■ EXERCISE DIRECTIONS
Beginning at the top of the data below, restate every line word for word until the line containing "Download the PDF" has been included, and omit the pictures.
RECORDS FOR THE TASK START
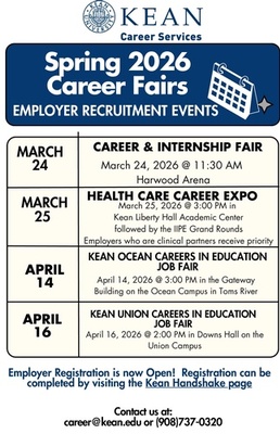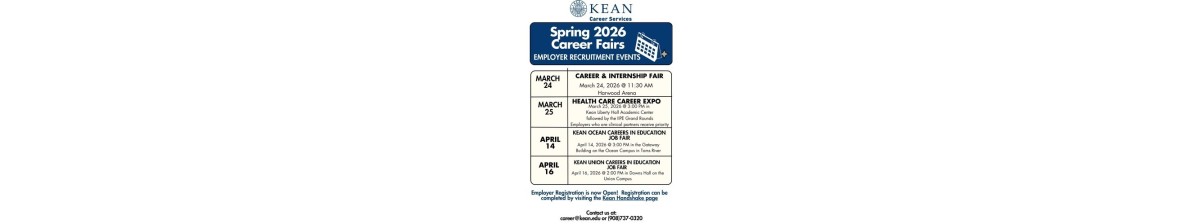 Any questions or issues registering, please reach out to career@kean.edu or call 908-737-0320.
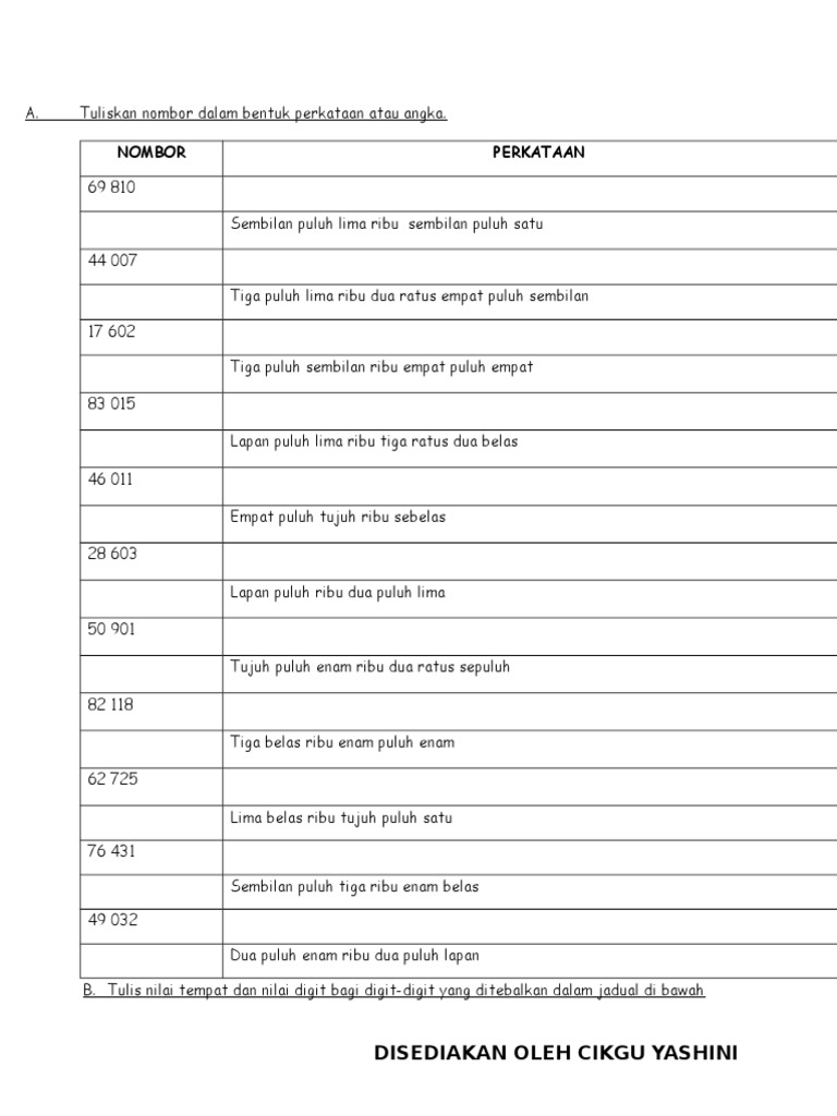 Tulis Nombor Dalam Perkataan Dan Angka
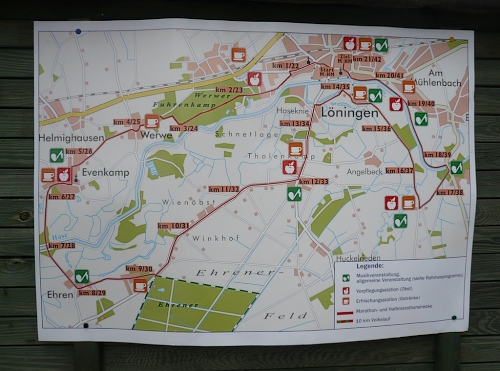 Jetzt fängt es an zu nieseln, ich verlasse den Ort über den Ehrener Kirchweg. Ich bin erstaunt, wie viel kleine Wäldchen bzw. Schonungen es entlang der Laufstrecke gibt. Bei km 7 überqueren wir das Flüsschen Hase. Die Hase ist ein 169 km langer Nebenfluss der mittleren Ems, die über die Else in die Weser mündet. Der Name hat nichts mit dem Tier zu tun, denn die frühere Schreibweise Haase kommt aus dem germanischen was soviel wie Grau heißt. Die Benennung eines Flusses nach der Farbe war früher üblich.
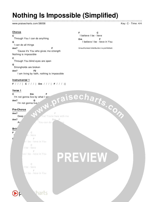Download the PDF Chord Charts for Nothing Is Impossible (Simplified), from the album Simplified Worship. This song was arranged by PraiseCharts in the key of A, Ab, B, Bb, C, D, Db, E, Eb, F, G, Gb.
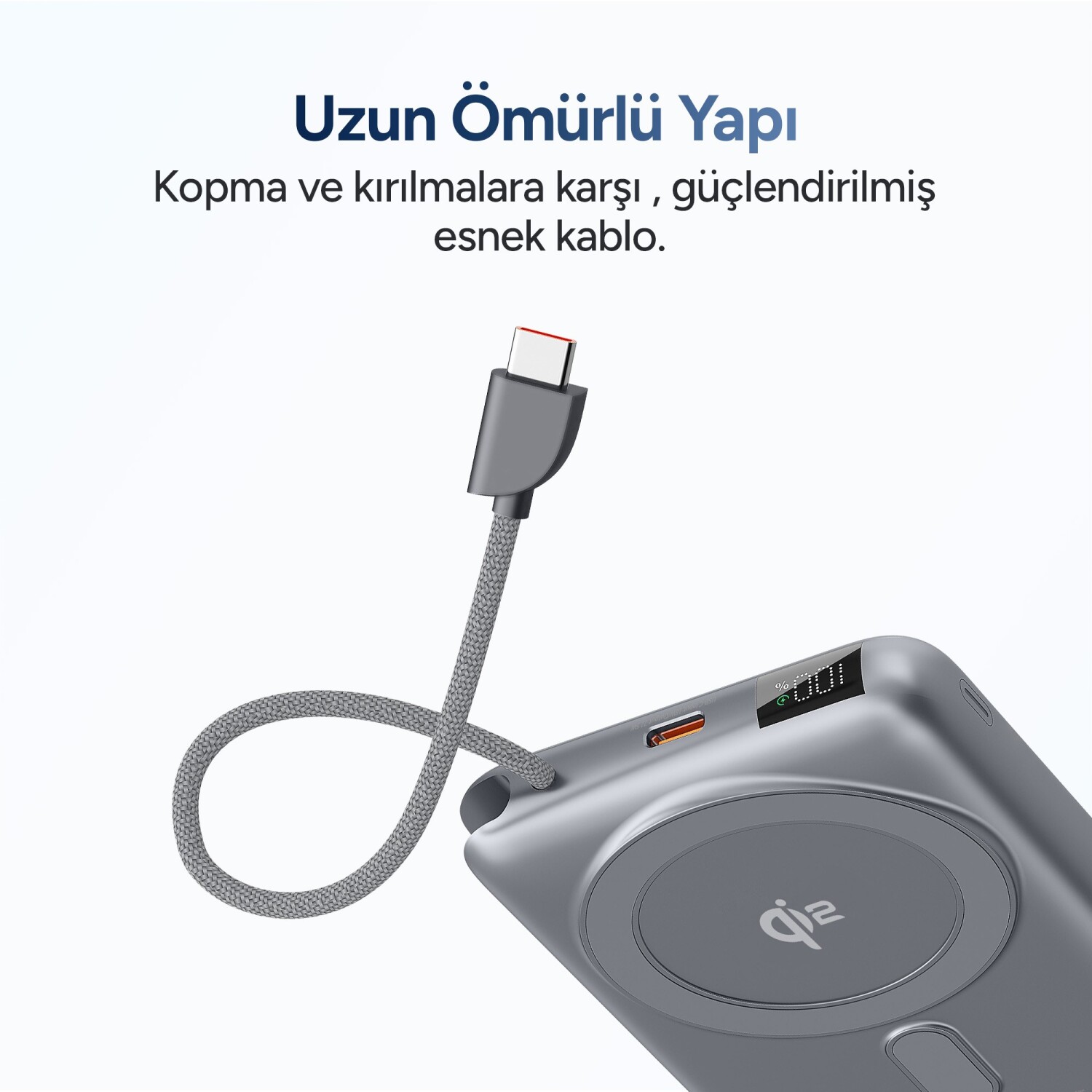 Juo 10000 mAh Qi2 Kablosuz Şarj Powerbank, taşınabilir güç ihtiyacınızı karşılayan pratik bir çözümüdür. 10000 mAh yüksek kapasite ile cihazlarınızı uzun süreli kullanımlar için şarj altında tutmanıza olanak tanır. Dahili Type-C kablo tasarımı, ekstra kablo ihtiyacını ortadan kaldırarak her an yanınızda olacak şekilde tasarlanmıştır. 22.5W maksimum çıkış gücü ile hızlı şarj destekler ve 15W Qi2 kablosuz şarj özelliği ile akıllı telefonlarınızı kolayca şarj edebilirsiniz.
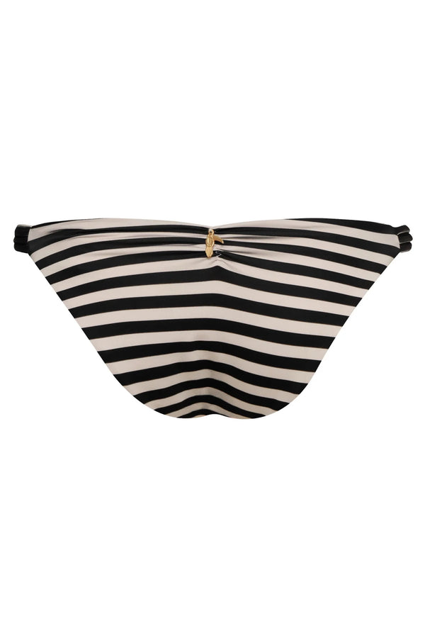 Dive into fun with the Potosi Bikini Bottom in Black & White Stripes by Juan De Dios! Its sleek, low-rise fit and delicate pleated sides add a playful twist to classic style. Reversible for double the looks, this premium swim fabric piece promises a flattering silhouette and comfy wear all day long. Perfect for mixing, matching, and making waves!
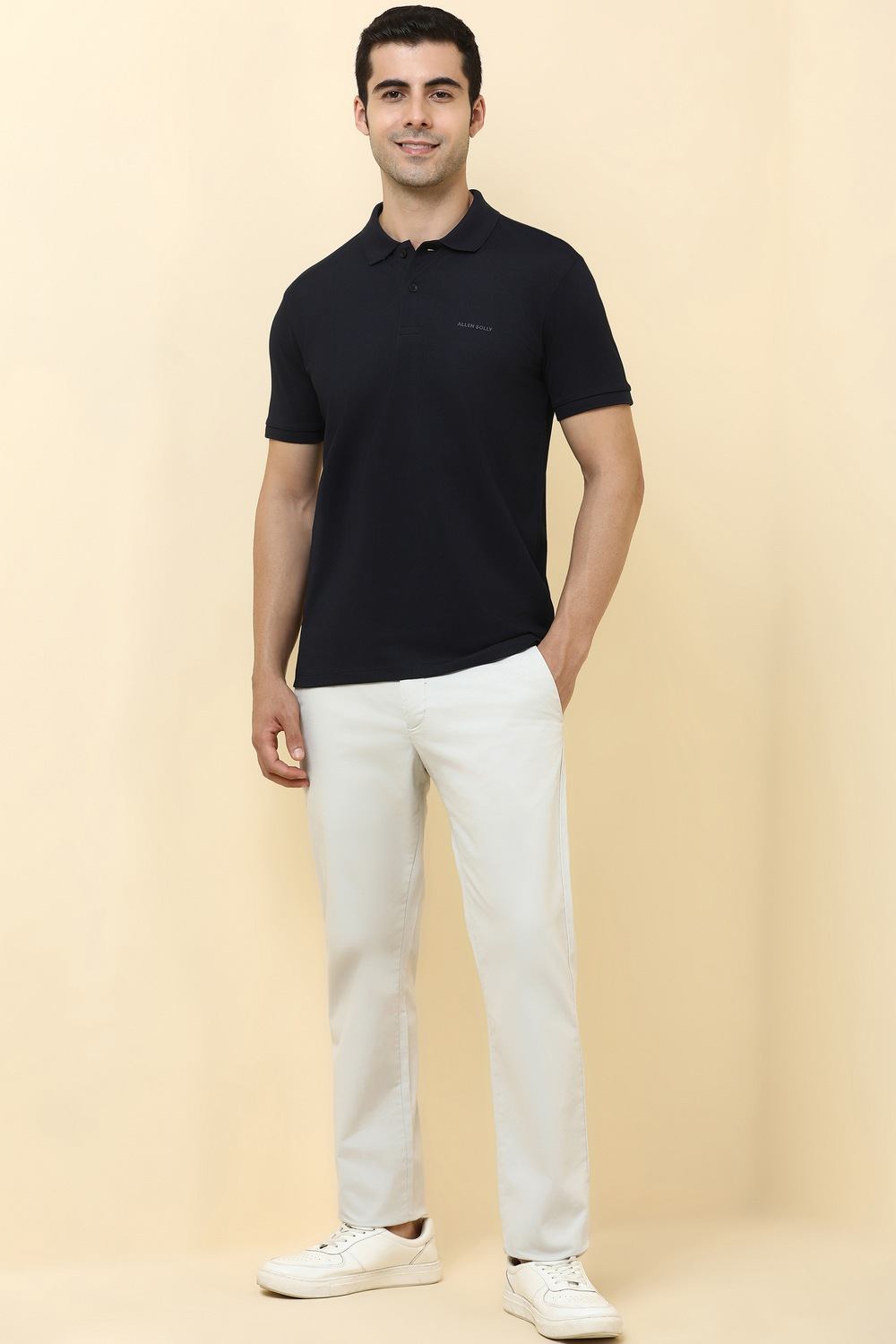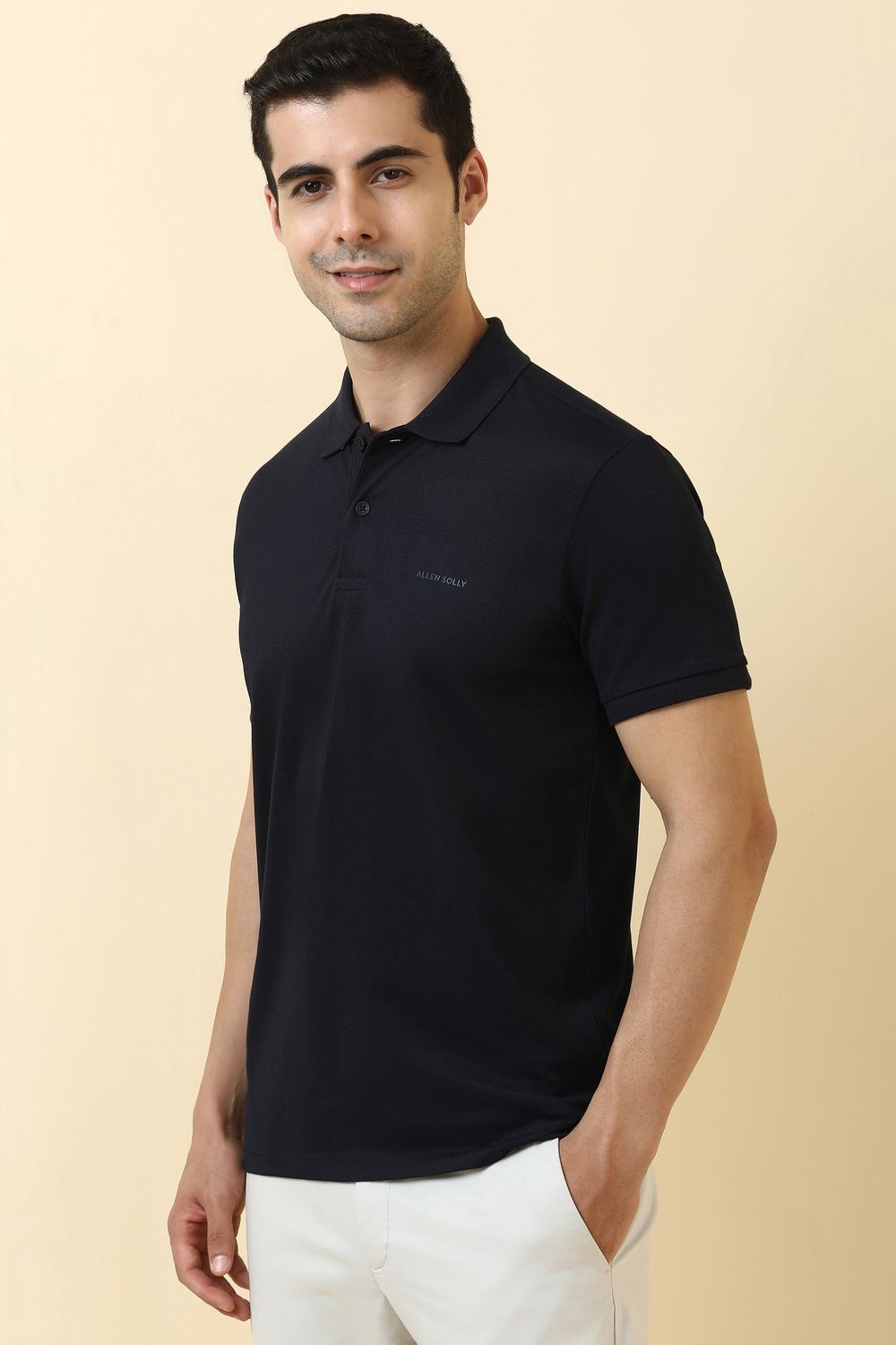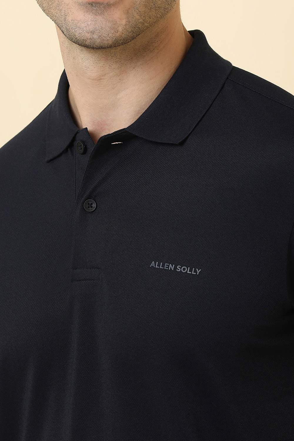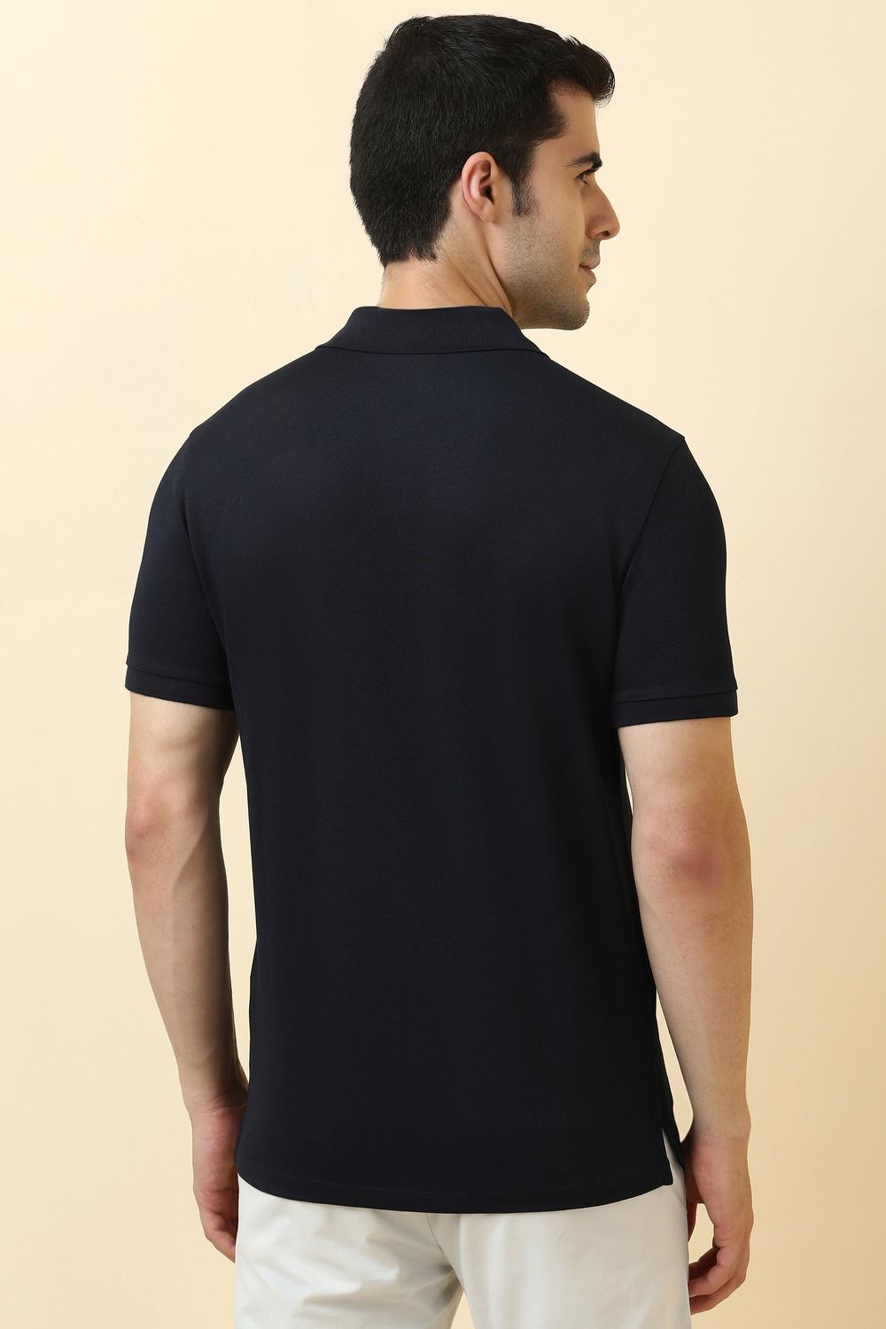 Experience comfort and style with the Allen Solly navy t-shirt. Crafted from soft cotton, it features a textured pattern and a classic polo neck, perfect for casual outings. The breathable fabric ensures ease of movement, making it an ideal addition to your everyday wardrobe. Embrace sophistication and effortless style with this essential piece that elevates any casual ensemble.
RECORDS FOR THE TASK END
■ RESPONSE
 Any questions or issues registering, please reach out to career@kean.edu or call 908-737-0320.
 Tulis Nombor Dalam Perkataan Dan Angka
 Jetzt fängt es an zu nieseln, ich verlasse den Ort über den Ehrener Kirchweg. Ich bin erstaunt, wie viel kleine Wäldchen bzw. Schonungen es entlang der Laufstrecke gibt. Bei km 7 überqueren wir das Flüsschen Hase. Die Hase ist ein 169 km langer Nebenfluss der mittleren Ems, die über die Else in die Weser mündet. Der Name hat nichts mit dem Tier zu tun, denn die frühere Schreibweise Haase kommt aus dem germanischen was soviel wie Grau heißt. Die Benennung eines Flusses nach der Farbe war früher üblich.
Download the PDF Chord Charts for Nothing Is Impossible (Simplified), from the album Simplified Worship. This song was arranged by PraiseCharts in the key of A, Ab, B, Bb, C, D, Db, E, Eb, F, G, Gb.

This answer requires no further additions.